# AWL Befehlsliste



## Quagga (13 Oktober 2005)

Hallo,
hat jemand von euch eine Befehlsliste von allen Befehlen die man in AWL schreiben kann mit Erklärung? Oder weiß jemand wo man so etwas bekommt. Wäre verdammt hilfreich. 

cu


----------



## Josef (13 Oktober 2005)

Quagga schrieb:
			
		

> Hallo,
> hat jemand von euch eine Befehlsliste von allen Befehlen die man in AWL schreiben kann mit Erklärung? Oder weiß jemand wo man so etwas bekommt. Wäre verdammt hilfreich.
> 
> cu



Hallo,

Wenn du Simatic meinst dann 
Siemens automation & drives Support  im Suchfeld "operationsliste"
eingibst findest du zu allen möglichen CPU's die oplisten.
Die OPlisten samt Maschinencode sind auch in allen Geräte- und Systemhandbüchern der entsprechenden CPU's vorhanden, was auch immer
der Unterschied zwischen Gereäte- und Systemhandbuch ist?

mfg
Josef


----------



## Josef (13 Oktober 2005)

Quagga schrieb:
			
		

> Hallo,
> hat jemand von euch eine Befehlsliste von allen Befehlen die man in AWL schreiben kann mit Erklärung? Oder weiß jemand wo man so etwas bekommt.

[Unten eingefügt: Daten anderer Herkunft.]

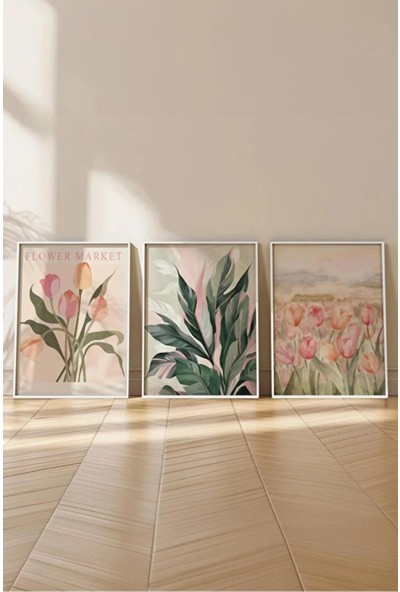AR AJANS KANVAS TABLO “whispers Of Spring” – Baharın Fısıltısı Çiçekler Dekoratif Çerçeveli Mdf 3lü Set Tablo Tablo
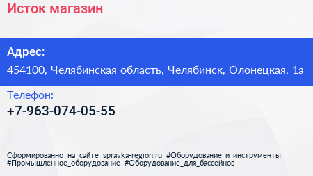 Исток, магазин по адресу 454100, Челябинская область, Челябинск, Олонецкая, 1а в дальнейшем Организация, размещена в следующих категориях:
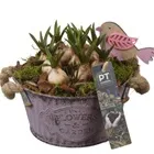 Мускари в фиолетовом круглом цинковом кашпо PTMB6161
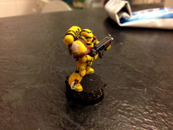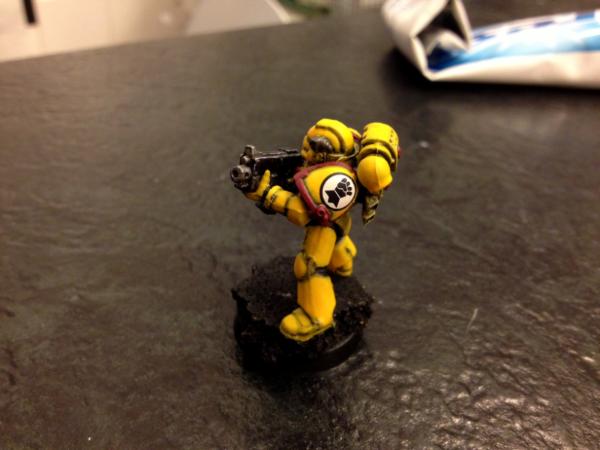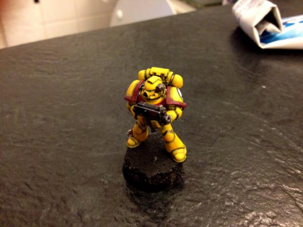 Hey guys, Here is my Imperial Fist test model. Along with my Ultramarines, I'm including some marines from other chapters in my list (despite the numerous meltdowns people are having re: Chapter tactics and Special Characters) The theme of my UM army is a bunch of marines from different chapters banding together while on some campaign but under the general command of the Ultramarines. Chapters I intend on including are Imperial Fists, Blood Ravens or Blood Angels, Aurora Chapter, White Scars and maybe Black Templar or Deathwatch. The biggest reason I chose to include different paint schemes is because I get tired of painting the same colors over and over and schemes like the IF are very unique and fun from a hobby perspective, as is painting red, green, etc. PS- I know the base is not complete yet, that will happen after the squad is done in a batch-style project. So, just ignore criticsm of that for now. Promise I'll get it done! So, let me know what you think of him!
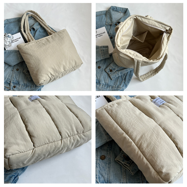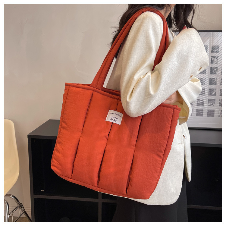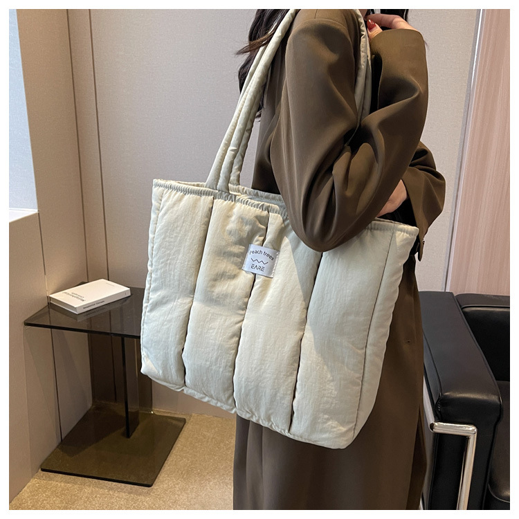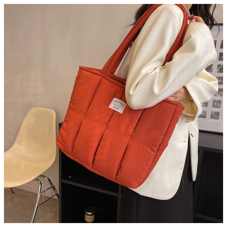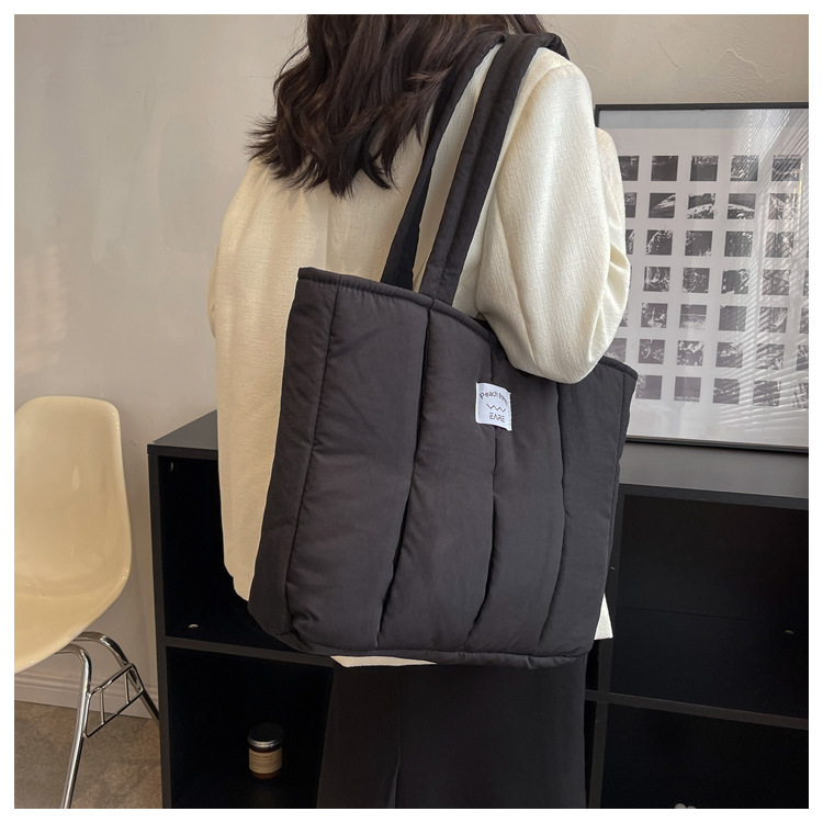 새로운 스타일 면 채워진 부드러운 왁스 토트 백 여대생 수업 숄더백 작업 통근 휴대용 대형 가방 나일론 천 가방

Wäre verdammt hilfreich.
> 
> cu



Hallo,

Wenn du Simatic meinst dann 
Siemens automation & drives Support  im Suchfeld "operationsliste"
eingibst findest du zu allen möglichen CPU's die oplisten.
Die OPlisten samt Maschinencode sind auch in allen Geräte- und Systemhandbüchern der entsprechenden CPU's vorhanden, was auch immer
der Unterschied zwischen Gereäte- und Systemhandbuch ist?

mfg
Josef


----------



## Quagga (13 Oktober 2005)

Ja ich meinte S7. Okey danke werde da mal schaun


----------



## MatMer (13 Oktober 2005)

Hallo oder in der Hilfe mal nach "Sprünge in Sprachbeschreibungen" suchen, findest du alle Befehle aufgelistet


----------